Neo4j: Making implicit relationships explicit & bidirectional relationships

I recently read Michal Bachman’s post about bidirectional relationships in Neo4j in which he suggests that for some relationship types we’re not that interested in the relationship’s direction and can therefore ignore it when querying. He uses the following example showing the partnership between Neo Technology and GraphAware:

neo_ga3

Both companies are partners with each other but since we can just as quickly find incoming and outgoing relationships we may as well just have one relationship between the two companies/nodes.

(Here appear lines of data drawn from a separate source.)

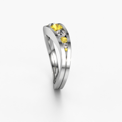 Dieser Ring namens Sigrid 2 besteht aus 14 Karat Weißgold und ist mit Gelb Saphir besetzt. Sind Sie auf der Suche nach einem einzigartigen Weißgold Ring mit moderner Note? Dann könnte dieser Ring zu Ihnen passen. Einfach nach Ihren Wünschen anpassen. Er passt zur zeitgenössischen, modernen Frau. Dieser 9 Stone Ring ist mit wunderschönen Gelb Saphir besetzt. Er wurde sorgfältig ausgewählt. Weil Ihr Ring mit nichts als dem atemberaubendsten Edelstein gekrönt werden soll. Unser erfahrener Goldschiede kreiert Ihren Ring in unserem eigenen Studio, wo der Gelb Saphir mit großer Sorgfalt gesetzt wird. Der Ring wird dann perfekt poliert, um einen atemberaubenden Ring zu erhalten. Durch die Kombination modernster Technik mit uralter Handwerkskunst können wir alle Ringe in unserem eigenen Studio anfertigen. Jedes Schmuckstück wird auf Anfrage gefertigt. Das ist vorteilhaft, weil wir Ihnen dadurch einen Preis anbieten können, den Sie nirgendwo anders finden.Unser Team von talentierten, leidenschaftlichen Designern fügt unserer Online-Kollektion täglich neue Ring-Designs hinzu. Unser Ziel dabei ist es, Ihnen eine große Vielfalt an Schmuckstücken anbieten zu können. Bitte zögern Sie nicht, ein Angebot anzufordern, wenn Sie spezielle Wünsche für Ihren Ring haben. Wir garantieren Ihnen ein Angebot, das Sie nicht ablehnen können.Um es einfacher zu machen, bieten wir eine kostenlose 30-tägige Rücksendung.
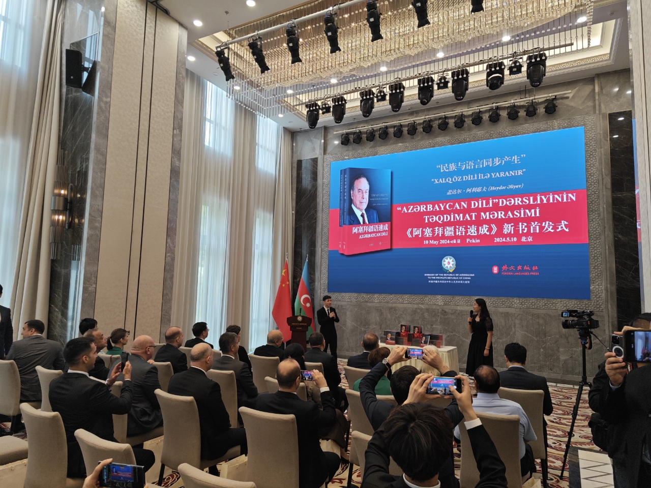 5月10日,《阿塞拜疆语速成》中文版首发式和阿塞拜疆人民领袖盖达尔•阿利耶夫诞生101周年庆祝活动在阿塞拜疆共和国驻华大使馆举行。阿塞拜疆驻华大使布尼亚德·胡塞诺夫、中国外文局副总编辑陈实、外文出版社社长胡开敏,该书作者伊拉纳·阿利耶娃、kaiyun开云官方副院长顾佳赟、kaiyun开云官方阿塞拜疆语教研室主任阿格申·阿利耶夫以及各国使节等80余人出席了首发式。
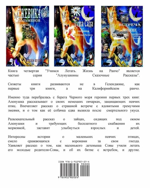 Учимся Летать. Жизнь на Ранчо является частью серии Алунушкины Сказочные Рассказы. Сюжеты книги развиваются не в Геленджике, и не в России, как первые три книги, а на Калифорнийском ранчо.
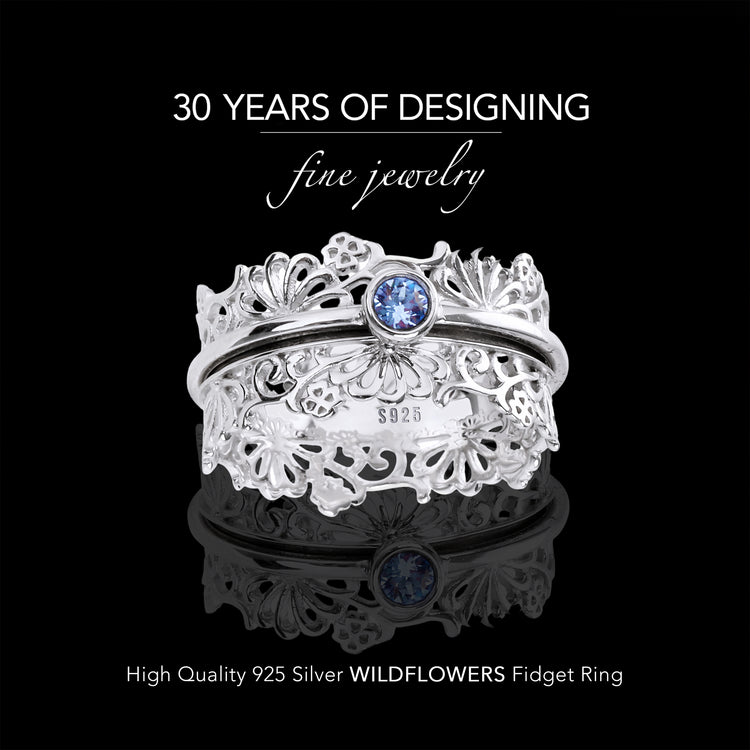 💍 STYLISH FIDGET SPINNER DESIGN – Beautifully crafted WILDFLOWERS in a lace pattern from 925 sterling silver. This spinner ring offers a discreet and fashionable way to fidget, helping you regain focus and calm throughout the day.

This pattern comes up frequently when we want to make implicit relationships in our graph explicit. For example, we might have the following graph which describes people and projects that they’ve worked on:

2013-10-25_16-34-16

We could create that graph in Neo4j 2.0 using the following cypher syntax:

CREATE (mark:Person {name: "Mark"})
CREATE (dave:Person {name: "Dave"})
CREATE (john:Person {name: "John"})

CREATE (projectA:Project {name: "Project A"})
CREATE (projectB:Project {name: "Project B"})
CREATE (projectC:Project {name: "Project C"})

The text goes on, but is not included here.